Except Valve allows people to sell their own keys without Valve taking a cut. That system is why at least half the vendors here can exist at all. The dev/publisher cuts a bunch of their own Steam keys and dumps them off with these shops who take less than the 30% cut that Valve takes from sales within Steam and the dev/publisher gets to keep the difference or pass that on to the customer as a discount. Steam just isn't a monopoly. They allow sellers to use everything that their platform offers for nothing more than a percentage of what is made exclusively from sales within the platform. A seller can sell their game through their own website and take home 100% (less whatever their payment processor charges, usually a single digit percent) of the sale, while still using everything that Steamworks and Steam in general is bringing to the table and all without any lock-in or requirements that they stick with Steam. All of that is a HUGE strike against considering Steam a monopoly, but that's not even everything.
So far as "the competition does not matter" that's largely because the competition (Primarily talking EGS here, but it's apropos UPlay and Origin too) hasn't done anything to make for a better value proposition other than paying for store exclusives and giving developers a rightfully higher cut of sales for a shot at a much smaller portion of the PC market. If Epic offered answers to Proton, Steam Link, communities, workshop, meta-games in the store, quick UI, marketplace, etc... It might make for a real challenge to Steam, but as it stands now there's nothing in EGS that puts up anything approaching half of what you get for the same games in Steam. I've never bought anything in EGS, but trying to use their app with any of the free games that they've given me has immediately turned me right around and sent me back to Steam while it takes literal minutes for the app to get me signed back in and going (and often has to spend time updating a game once it does) while Steam was good to go 2 seconds after boot, never needs me to reauth once I've signed into a system, and keeps my games updated silently without my having to notice or worry.
Now GOG on the other hand, where I have spent a decent amount of money and own a good number of games has managed to make a proposition of giving me a barebones store that gives me barebones downloads of games that don't need updates, or a launcher, without any DRM so I can just download an EXE and get my games. They matter, they're bringing something to the table that nobody else does and I love them for that. I go out of my way to buy games on GOG when they're the sort of things that don't need any of the stuff that Steam is providing.
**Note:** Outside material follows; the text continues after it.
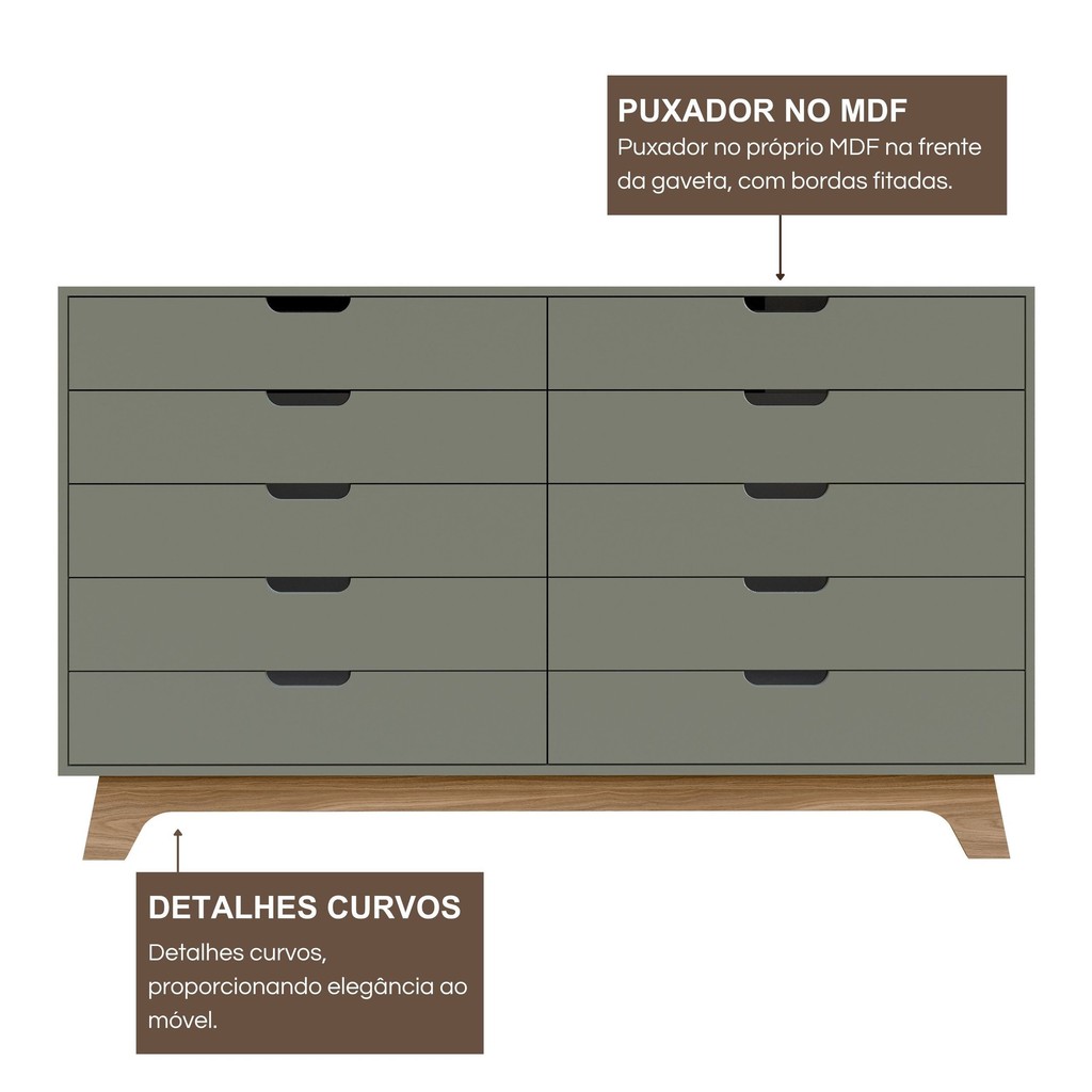 Cômoda Alice 10 Gavetas em 100% Mdf Verde/Louro Freijó

If any of the other publisher owned storefronts tried to do anything half as ambitious as GOG or Steam, they'd probably matter, but the fact is that they won't because they don't think like Valve or GOG, they think like MBA shitlords who's single trick is extracting rents for properties made by smarter people, often back in the days before those MBAs knew their multiplication tables. The same school of idiots who saw how Netflix had a really good thing going and thought that they could have the good thing themselves so now we have a worse situation than we had before Netflix destroyed the cable industry and we get all of these platforms that don't work as well as Netflix did/does where you have to go to 30 different shitty places to get what you used to find in one really good place. A whole lot of idiots who paid a lot of money to learn in fancy schools that you can personally get rich by convincing a company to kill the golden goose, so long as you immediately proceed to get out of town so it's the next guy's problem to solve before anyone notices that the golden eggs aren't rolling in anymore. It's incomprehensible to me that people are going to bat for those muppets when all they ever do is make things worse so they can line their 401k with another million.
Except, legally in the US where Valve is based, you've got 0 legs to stand on.
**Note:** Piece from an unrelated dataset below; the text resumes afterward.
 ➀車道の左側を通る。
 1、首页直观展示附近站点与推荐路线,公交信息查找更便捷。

Valve does dominate the market they're in, but they do so without creating an unreasonable restraint of competition in that market. They are dominant by providing the best product, not because they have unfair business practices which burden the competition. Like I said, Valve will literally allow game makers to go and take 100% of every sale they make (assuming they can process payments for free) while still allowing them to use the platform Valve have built and pay to maintain so long as they'll pay Valve a cut for the copies that are sold directly through the Steam store. Valve allows their competition to sell games that package said competition's stores inside of those games. Every EA or Ubisoft game comes with the competitor's store bundled in. They create tools that allow their competitors games to run on platforms that the competition doesn't want to bother with and they give them away. HOW IS ANY OF THAT AN UNREASONABLE RESTRAINT ON COMPETITION?
Steam is the antithesis of anticompetitive, they're not the single seller of any good beyond "Valve Games" of which there are now 22(?) among millions of PC games, and they don't generally dictate prices in the market; which is the succinct way of saying that they don't live up to any portion of the legal standard for what constitutes a monopoly. Give me something factual that implicates Valve as a monopoly or get out of here with this nonsense.